Saturday, December 11, 2010

It's Your Ego

      If there was one person I'd love to have coffee with, it would be Sigmund Freud. I have always been so engaged in anything he's studied or theorized. Sigmund Freud brought us the three different parts of our mind to understand. He gave us these three components of level of awareness. The fist level he calls The conscious mind. This is where we are right now, we are paying attention to what is happening to us at this very moment. An example would be you reading what I'm writing. There is a Pre-conscious mind according to Freud we all have. This would be an example of things we are aware of but really not paying too much attention to at the moment. Perhaps the television is on in the background when you're reading this? That would be your Pre-conscious mind, you know the TV is there yet it has no interference to what you're doing now, like reading my post. We also have a subconscious mind.
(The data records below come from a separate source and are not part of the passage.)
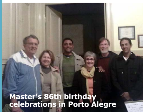
Master's 86th birthday celebrations in Porto Alegre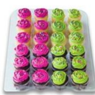
Cupcake Tray Serves 24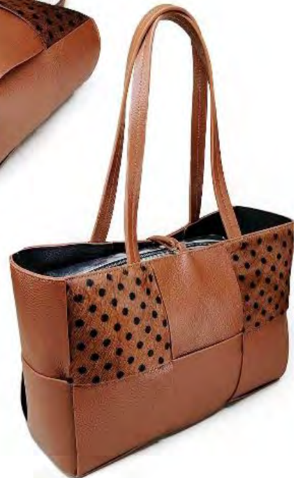
Style #B417 (15"x 5.5"x 10.5"H) $89. Dollaro Leather & Haricalf Pois: Tan (RTW)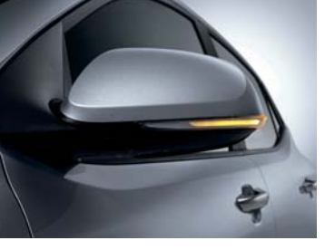
Outside mirrors & repeaters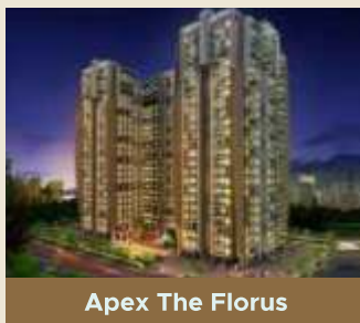
Apex The Florus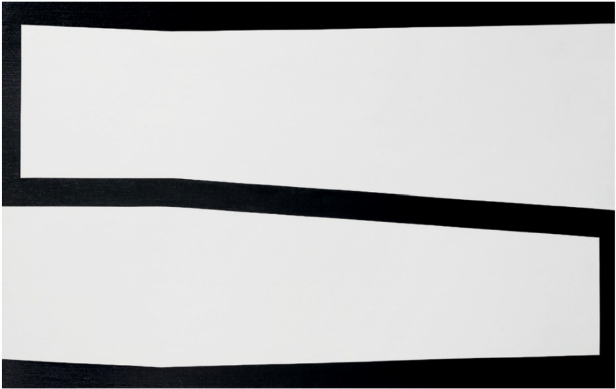
Courtesy of Carmen Herrera and the Flag Project at Rockefeller Center (2020).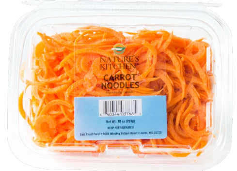
CV Carrot Spiral Cut Noodles

CODE: 08815 PK/SZ: 6/10 oz UPC: 6 40344 03848 4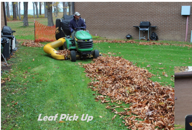
Leaf Pick Up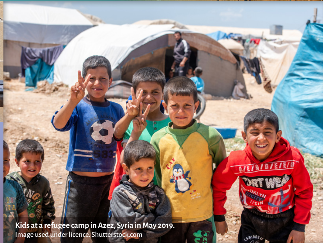
Kids at a refugee camp in Azez, Syria in May 2019.

‘In the midst of this dramatic situation of COVID-19, which has “displaced” so much in our lives and in our world, we may have difficulty seeing, feeling and hearing the effects of this resurrection. This context reminds us of something we already know and which we too often forget: that it is the crucified one who is the risen one. The word of God comes to aid our fragile memory.’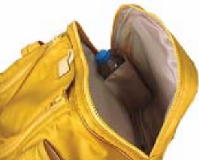
Bottle stand inside zipper pocket.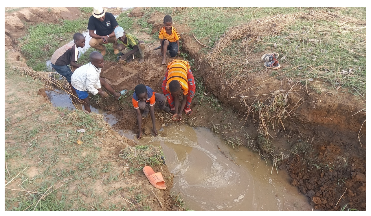
Claret Vida Picture 3: The source of life????

In the villages in our parish territory that attracted our curiosity since our arrival in this almost forgotten part of Cameroon, water is so scarce. If during the rainy season, which lasts only 3 to 4 months in the year, the population can collect water as it can, in the dry season it becomes very scarce and undrinkable. Many diseases are observed in this area because of the consumption of river and lake water. This explains our motivation to direct our very first project towards the realization of boreholes and overhead water tanks to thus contribute to relieve the social pain of the people.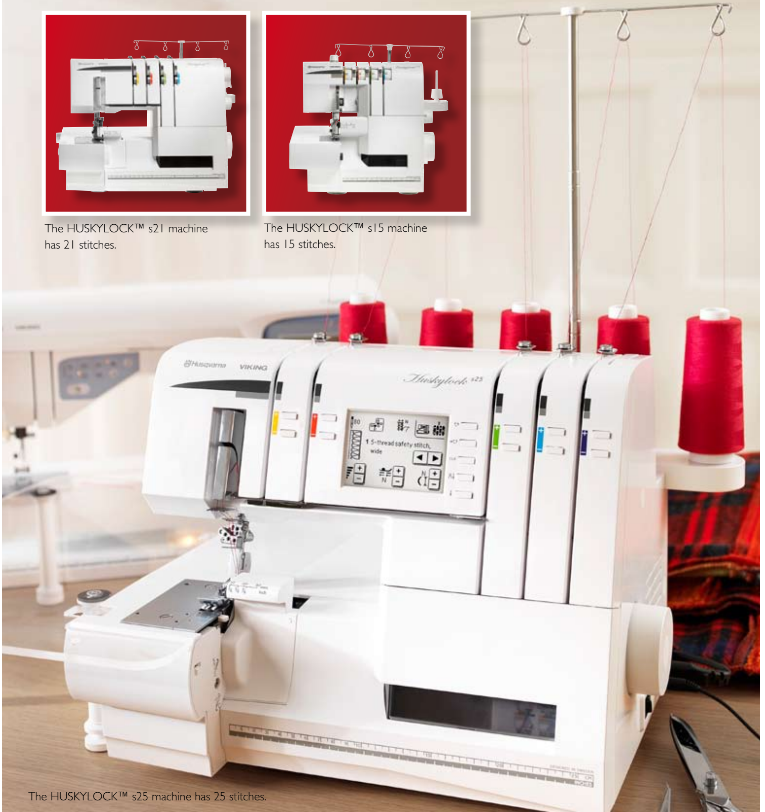
The HUSKYLOCK™ s25 machine has 25 stitches.

The stunning garments and home dec items shown are anything but ordinary. Just like the HUSKYLOCK™ overlock machines, they are innovative from the inside stitches to the outside hems and will inspire you to create unique projects that showcase the convenience and joy of owning a HUSKYLOCK™ overlock. Whether you are just starting your serging journey or are an experienced enthusiast, the HUSQVARNA VIKING® overlock family has an option for you. Your ideal sewing companion awaits.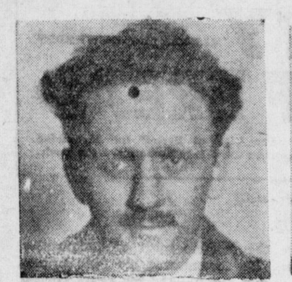
For Alderman, 8th Dist., Man.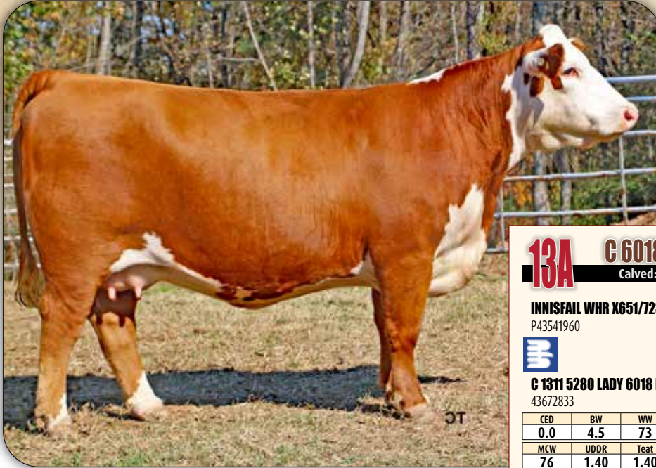
C 6018 X651 LASS 0067 ET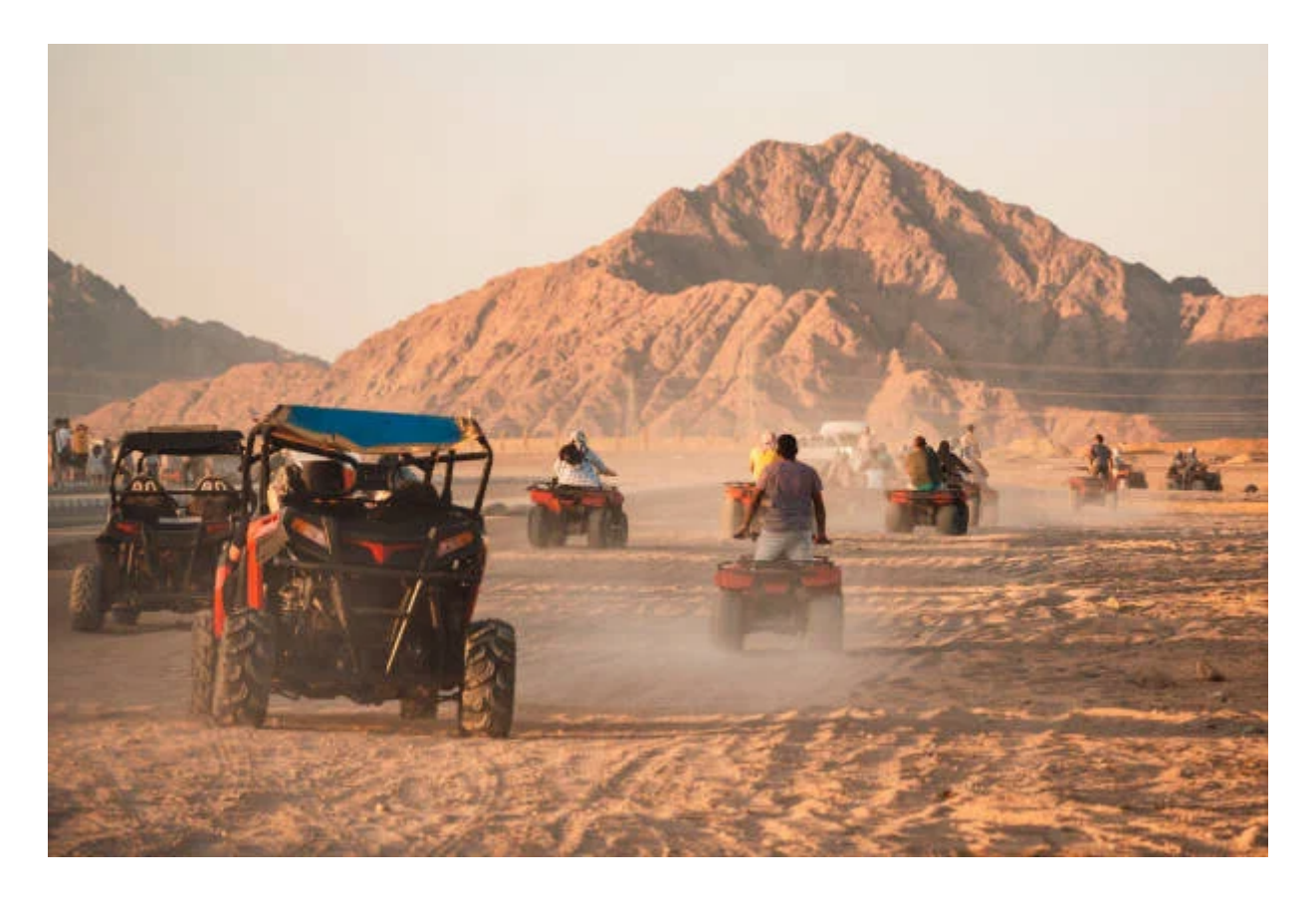
Day 4: Safari Tour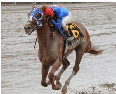
Summer Bird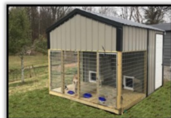
Dog Kennel Entry door, 2 kennel doors, 2 insulated dog boxes and (1) window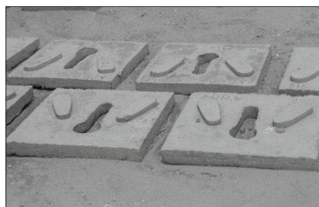
Photograph 2. San plat slabs

      Freud believed this level of our awareness is “the process and content are out of direct reach of the conscious mind. The subconscious thus thinks and acts independently.” (Bannister, 2008). Interesting factor, Freud thought this part of the mind is where the most of our uncontrolled behavior is driven from. He felt this is where we do most of our thinking. My question is, if he felt this was mostly the cause of our behavior controlled or uncontrolled, then we must be living in a mostly subconscious state? Although, “more recent research has shown that the subconscious mind is probably even more in charge of our actions than even Freud had realized.” (Bannister, 2008). My question still remains.

      I'm not sure if this is a good thing or a bad thing that Clinical psychologist Don Bannister described Freud's position on the human personality as being. I wonder how it would effect someone today if someone said this about another person. Would it be a compliment or a put down. Clinical psychologist Don Bannister said this about Sigmund Freud. "...basically a battlefield. He is a dark-cellar in which a well-bred spinster lady (the superego) and a sex-crazed monkey (the id) are forever engaged in mortal combat, the struggle being refereed by a rather nervous bank clerk (the ego)."
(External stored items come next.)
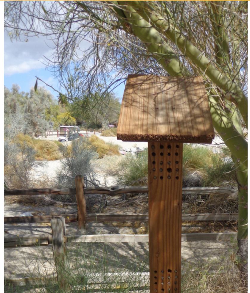
Figure 2. A native bee condo at the Living Desert, Palm Desert, California.

The female solitary bee builds an individual nest by digging a tunnel in the ground or selecting a pre-existing cavity such as those made by boring moth and beetle larvae. The young will develop in the nest for several months before they emerge as adults the following year. Approximately 70% of native bees nest in the ground and 15 to 20% nest in crevices and cavities. The remainder are “cuckoo” bees, meaning that, like the cuckoo bird, they do not have nests of their own. Instead, they take over the nests and collected resources of other bees, co-opting them for use by their own young. You can make an inviting “bee condo” for cavity-nesting bees by drilling holes in untreated wood or bundling paper straws together (figure 2).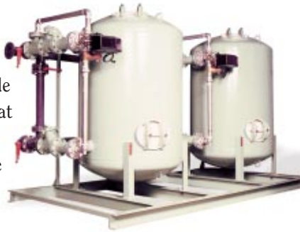
Softener with Skid Mounted (option)

Tanks feature industrial-grade steel. All interior surfaces that contact water are lined with an NSF approved, food-grade epoxy lining that meets FDA leachability requirements. Brine tanks are standard equipment and bulk storage systems are available as an option. Two 12" x 16" manways (1 in top head, 1 in lower sideshell) provide access to the rust-proof and corrosion-resistant PVC internal distribution system.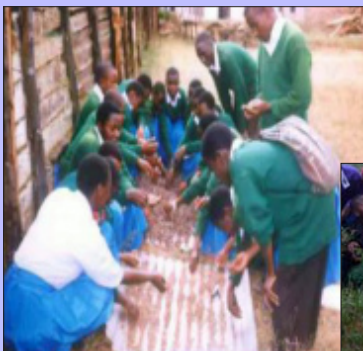
School children learning how to plant and care for seedlings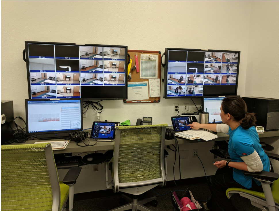
Figure 2: A picture of the standardized patient room control station.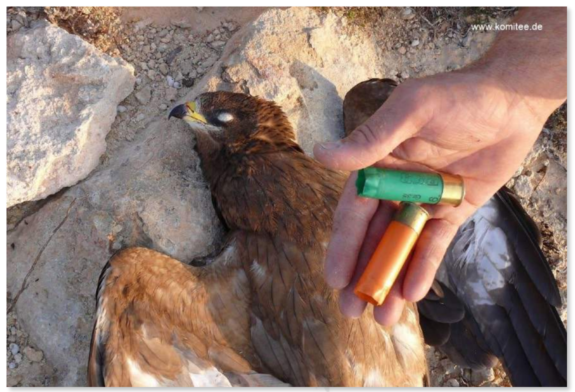
Freshly shot Honey Buzzard in Calabria, Italy.

In Calabria and Sicily, our teams working against bird of prey slaughter catch three poachers shooting Honey Buzzards. Following a CABS report, two more freshly shot buzzards and several mammal snares were found and seized during house searches and confiscated as evidence. The suspects are awaiting trial.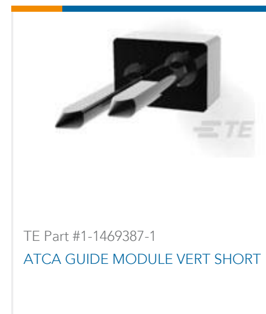
TE Part #1-1469387-1 ATCA GUIDE MODULE VERT SHORT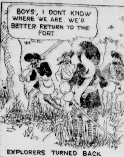
EXPLORERS TURNED BACK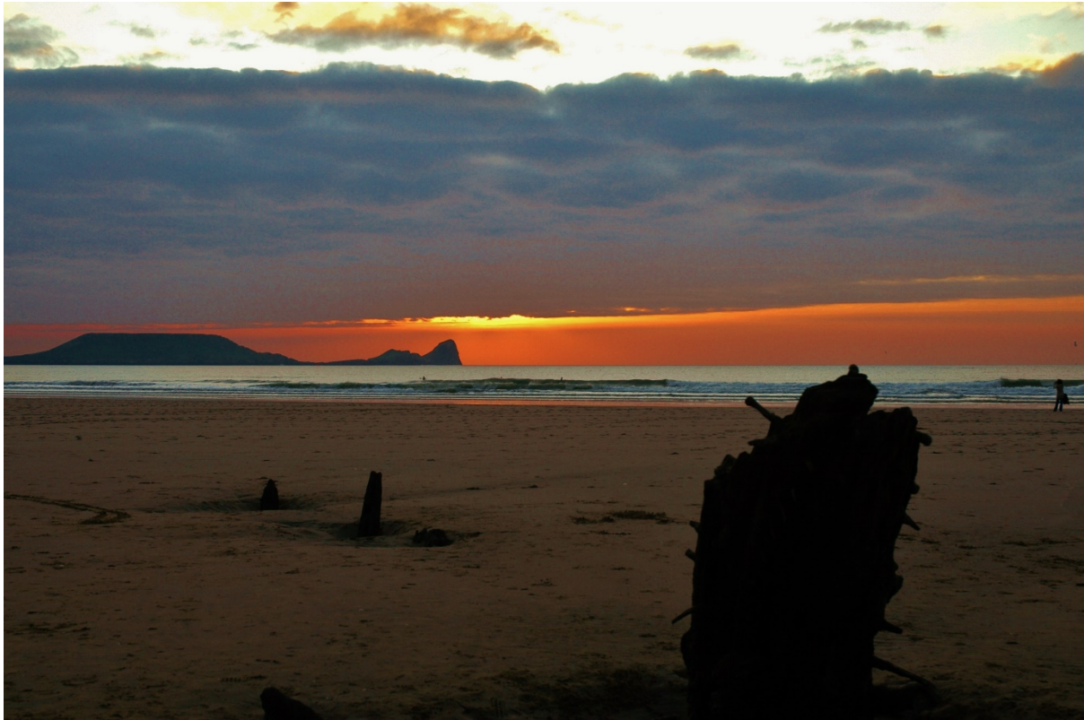
Sunset at Rhossilli Beach

http://swanseaandbrecon.churchinwales.org.uk/

      If you take out the “ego's” reference in this quote it would read “basically a battlefield. He is a dark-cellar in which a well-bred spinster lady and a sex-crazed monkey are forever engaged in mortal combat, the struggle being refereed by a rather nervous bank clerk." (edited) To me that doesn't sound very nice. Okay on to what we came here for...the structural model of the psyche – id, ego, and superego according to Sigmund Freud.
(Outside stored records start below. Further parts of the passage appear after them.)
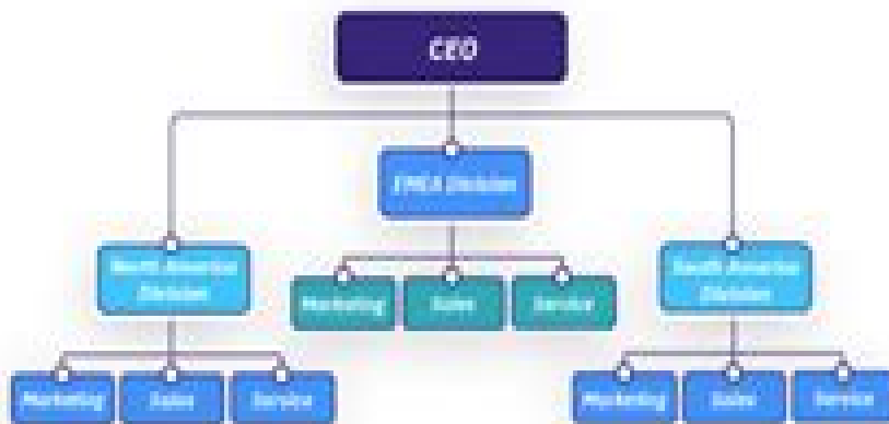
3. Geography-Based Organizational Design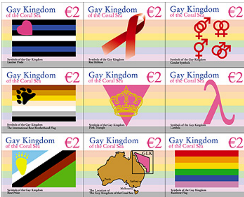
Figure 7 - Stamps issued by the Gay and Lesbian Kingdom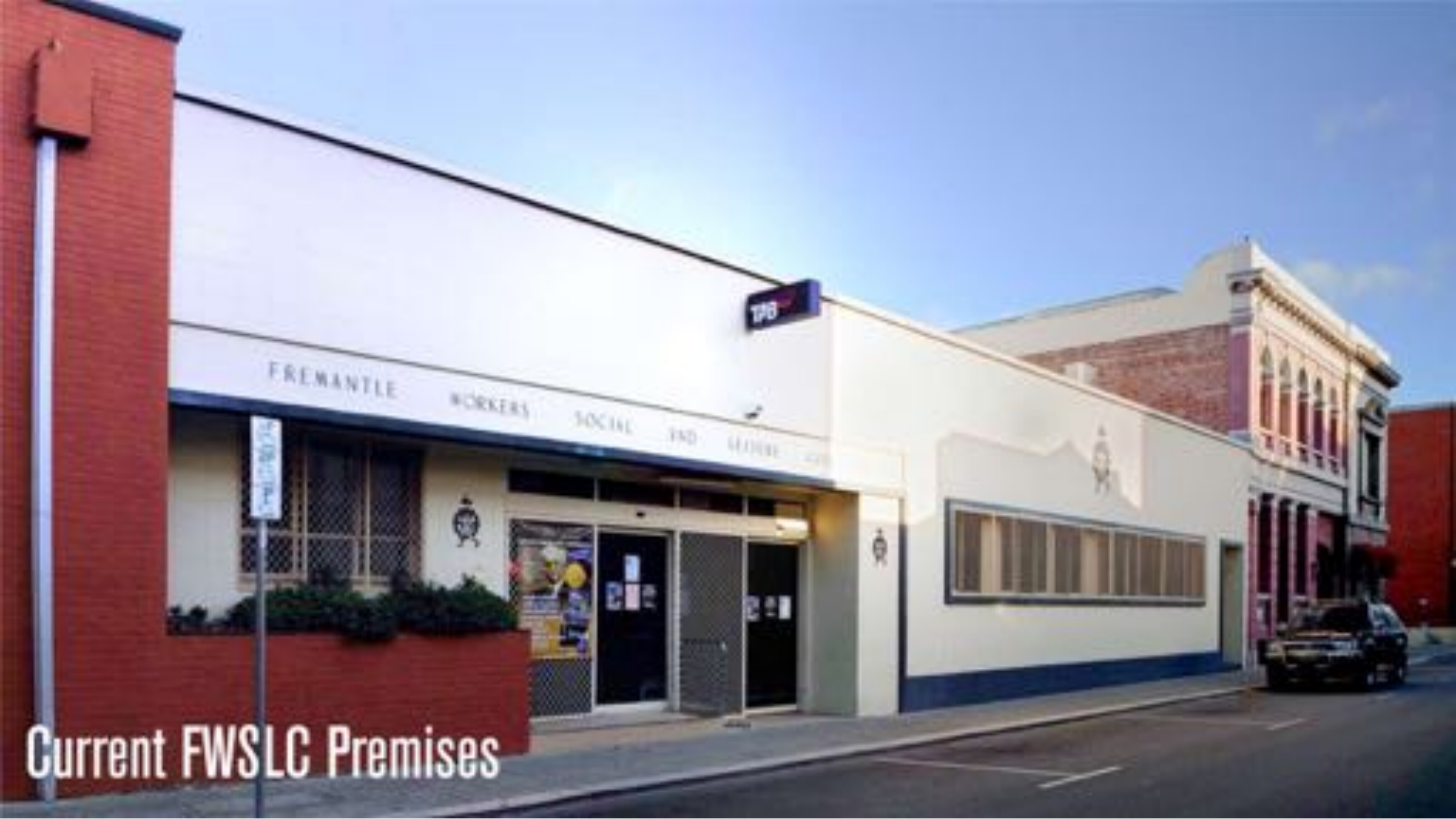
Current FWSLC Premises

The three main parts of our ego system consists of the Id, the superego, and the ego.

Id

      To me, this is the most greedy of all of our egos. This level of our ego is only concerned with pleasure to avoid the pain. It's our hedonistic part of our ego. You can find someone using this level by people who make fun of other people and find pure enjoyment by doing so. Sometimes, people make fun of other people because it gives them pleasure when in fact a lot of those times people who do this type of behavior are doing so to avoid their own pain. Also, in another sense we use this for sexual pleasure. According to Freud the Id has 2 major instincts. The “Eros: the life instinct that motivates people to focus on pleasure-seeking tendencies (e.g., sexual urges).” and the Thanatos: the death instinct that motivates people to use aggressive urges to destroy.” (Bannister, 2008). The next part of our ego system is the “Ego” itself.

Ego

      Your ego understands that behaviors have consequences. It also includes our rationalization of what we need to live socially among people. It gives us the perception, recognition, judgment and memory. Freud believed this process is developed during childhood. The primary principle of the ego is to balance the Id and the superego. “The Ego controls higher mental processes such as reasoning and problem-solving, which it uses to solve the Id-Super ego dilemma, creatively finding ways to safely satisfy the Id's basic urges within the constraints of the Super ego.” (Bannister, 2008)

Super ego

      Freud believed our superego was learned in our childhood from our parents. It is in this factor we are taught right from wrong. Our superego also holds our values and our beliefs which are contained in our conscious. “The Super ego is a counterbalance to the Id, and seeks to inhibit the Id's pleasure-seeking demands, particularly those for sex and aggression.”(Bannister, 2008). To sum it all up we can say “The id is the part of our mind we share with lower animals and is governed by the pleasure principle. The ego is the executive of the personality and is governed by the reality principle. The superego is the moral component of the personality and consists of the conscience and the ego ideal.” (Hergenhahn, B., & Olson, M., 2007 p. 56)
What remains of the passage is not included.